-
Type:
Task
-
Resolution: Done
-
Priority:
Unknown
-
Affects Version/s: None
-
Component/s: None
-
None
-
Fully Compatible
-
Dotnet Drivers
-
Not Needed
-
-
None
-
None
-
None
-
None
-
None
-
None
Summary
BsonEncodingPoco produces inflated BSON output and uses a stale DataSetSize constant, causing the reported MB/s score to be understated by ~45%.
Background
CSHARP-6003 (DRIVERS-3377) updated DeepPocoNode to use strongly-typed properties:
- right/left (DeepPocoNode) for inner nodes
- rightValue/leftValue (string) for leaf nodes
The updated deep_bson.json from the specs repo uses the same field names. However two issues remain:
Issue 1 — Null field bloat (+48% output size)
DeepPocoNode has four properties per node, but any given node only populates two of them — the other two are null. The C# driver serializes null reference properties by default. On re-serialization, every node emits two extra null BSON fields, inflating the output from 2,286B to 3,392B per document (+48%).

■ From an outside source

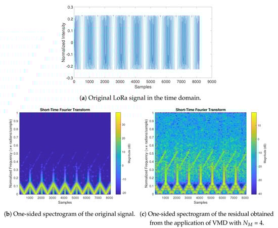 The value of was identified on the basis of the LoRa modulation and the settings of the data set. Because the study is focused on the residual, the number of modes is kept low within the following range: . A large number of modes may include the fingerprints, which are needed to classify the LoRa devices, while a relatively small number of modes would include the common elements of the signals, which we want to remove. Another hyper-parameter in the study is the window size, , used to generate the spectrogram. This value was chosen following the settings defined in [], where the data set was initially proposed. In [], a Gaussian window of was used, with an overlapping of 128. In this study, we also added the Gaussian window of with an overlapping of 64.
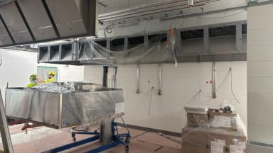 Kuva: Valmistuskeittiön huuvien asennus käynnissä.

Issue 2 — Stale DataSetSize (-14% baseline)
DataSetSize = 19_640_000 was calibrated to the old deep_bson.json (1,964B per doc). The new file is 2,284B per doc. The constant needs updating to 22_860_000.
Combined effect: BsonEncodingPoco score is understated by ~45% vs what it should be.
Empirically measured against the actual deep_bson.json from the specs repo:
| — | — |
| Raw BSON (new file) | 2,286B |
| POCO-encoded (current) | 3,392B (+48%) |
| POCO-encoded (with fix) | 2,286B (+0%) |
Fix
- Add [BsonIgnoreIfNull] to all four properties on DeepPocoNode in BsonBenchmarkDataTypes.cs
- Update DataSetSize from 19_640_000 to 22_860_000 in BsonEncodingBenchmark.cs and BsonDecodingBenchmark.cs
Note: BsonDecodingPoco is not affected by the null field issue (input bytes are always the raw file), but its DataSetSize constant still needs updating for the file size change.
Relevant spec changes: https://github.com/mongodb/specifications/commit/c593b9e45b923fa1a14c2311b8bae453eaabd4f3
Related
- DRIVERS-3377 — upstream ticket for the deep_bson.json change
CSHARP-6003— C# implementation of DRIVERS-3377 (PR #2018)- The specs repo PR (mongodb/specifications#1885) updated the JSON but did not update the 19,640,000 figure in benchmarking.md — a separate follow-up may be needed there.